Animal Rights

The Moral Equation:

Observations of animals, whether in the wild, in captivity, or in experimental cages reveal undeniable evidence that they perceive physical pain and discomfort as well as pain as acutely as we do (Tangley 2000). Anecdotal evidence of numerous well documented instances seems to suggest that many animals also experience emotions such as grief from of loss of companionship (Moussaieff-Masson 1995).

Not uncommonly, it is scientists and medical researchers themselves who first notice responses and behaviors in laboratory animals that, in the extreme, challenge their previous assumptions about what “rights” animals have not to be subjected unnecessarily, or for no worthwhile purpose, to excruciating pain (Winter 2002). It is possible, for example, to justify infecting animals with cancer for the purposes of learning how to treat human cancer while opposing recreational hunting, or other reasons for using animals. For example, in parts of China it is possible to purchase donkey meat sliced from a living donkey: scalding water is poured over its rump and the cooked flesh sliced off as it writhes in pain (Tripp 2003).

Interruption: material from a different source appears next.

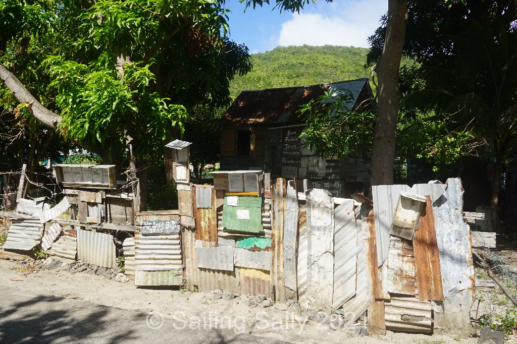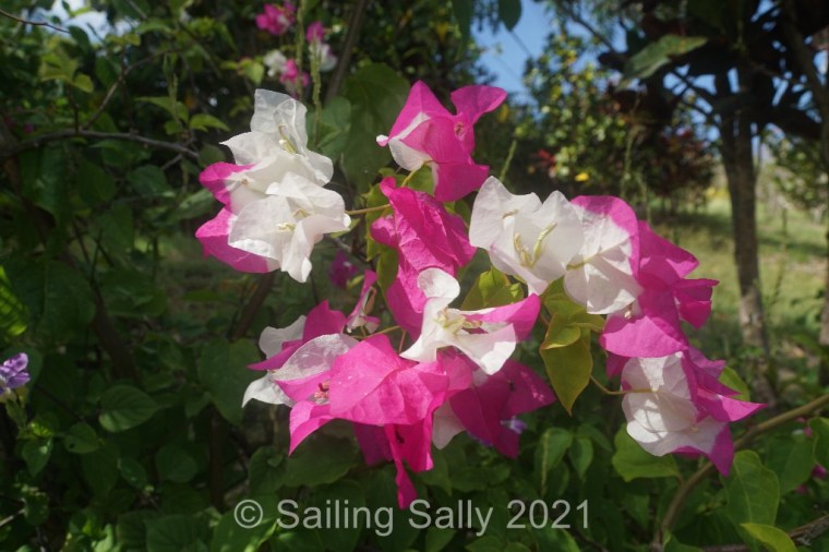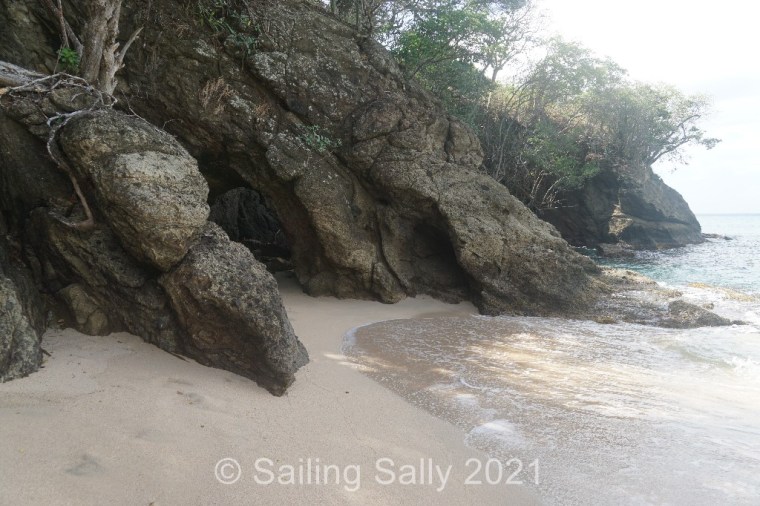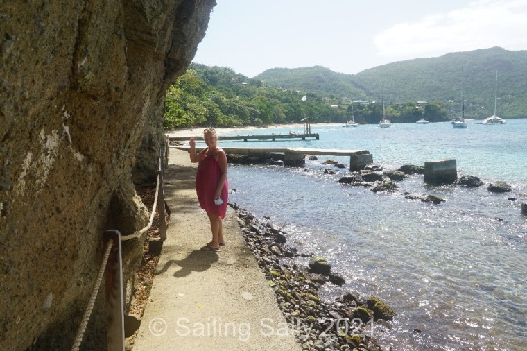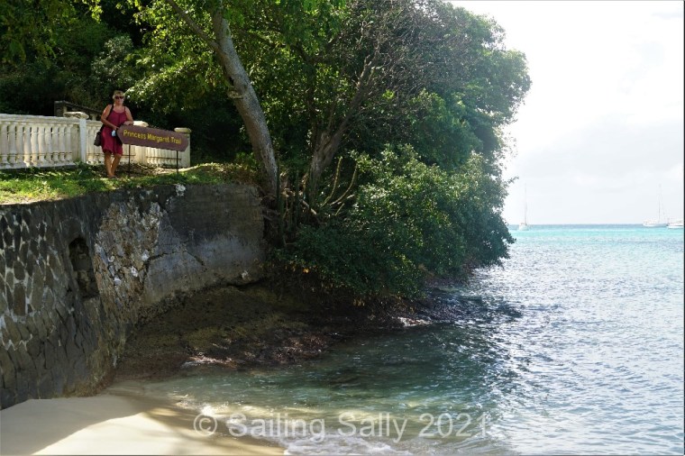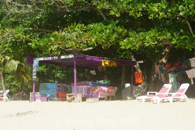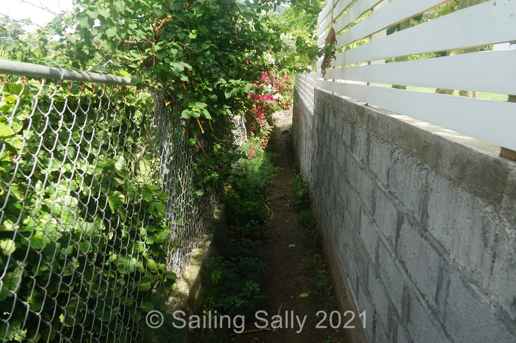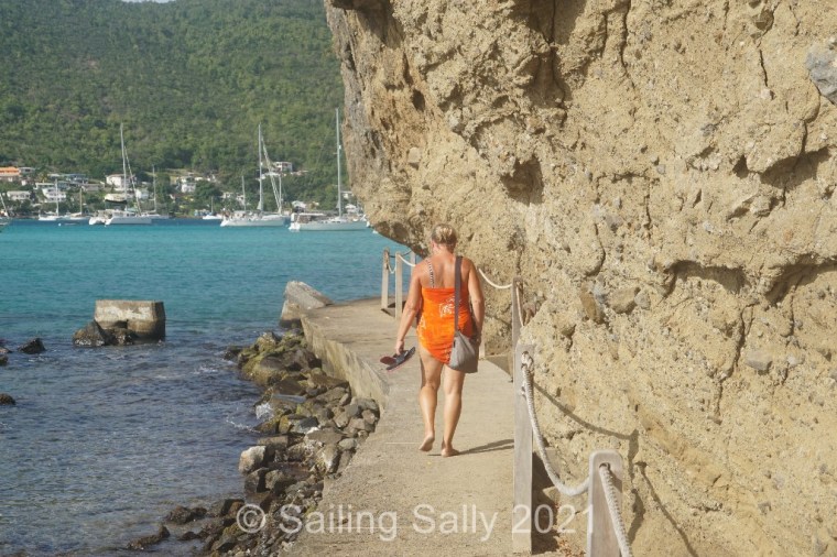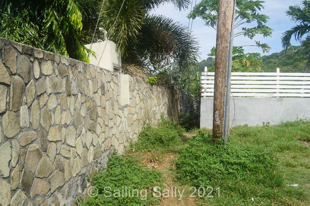 Our absolute favorite route to walk is the Princess Margaret Trail. We take the dinghy to a jetty at FigTree and Mac’s restaurant. Then we follow the water south down to Princess Margaret Beach and on to Low Bay. At the end of Princess Margaret Beach, there is a small path up the mountain through a narrow passage past a wall and out onto Lower Bay road. In Lower Bay, we usually have a good lunch at one of the cozy restaurants by the beach. This time, only the Keegans Beach bar was open. Our favorite Da Reef was unfortunately closed due to covid-19. On the way back you can stop at Jacks Beach Bar and have a beer or Pina Colada that cools well in the heat.

It is likely that few medical researches who regularly use animals as subjects would condone the torture of a donkey as a culinary “technique.” The moral analysis of animal experimentation and other uses is one of principle; it is a matter of weighing respective concerns against the purpose of the proposed use. Very valuable benefits justify significant pain and even the sacrifice of animal subjects; comparatively worthless (and especially, illusory) purposes do not necessarily justify subjecting the same degree of pain on a defenseless animal.


Human beings evolved to hunt other animals just as they evolved to hunt different prey. Likewise, modern medical science often requires the use animals for valuable experiments with implications for human health. Our moral responsibility is not to refrain from eating or making other necessary use of animals; rather, it is simply not to subject other sentient creatures to pain unnecessarily. That obligation is likely met by minimizing their discomfort as much as is practicable in worthwhile scientific experiments and, perhaps, by narrowing the scope of what we consider “necessary” to exclude producing cosmetics and “culturally traditional” artwork for profit at the expense of intense animal suffering.


Moussaieff-Masson, J. (1995) When Elephants Weep: The Emotional Lives of Animals. New York: Bantam.

Tangley, L. (2000) Animal Emotions: Do Animals Have Feelings?; U.S. News & World Report. (October 30, 2000).

Tripp, P. (2003) World Issues: Animal Rights.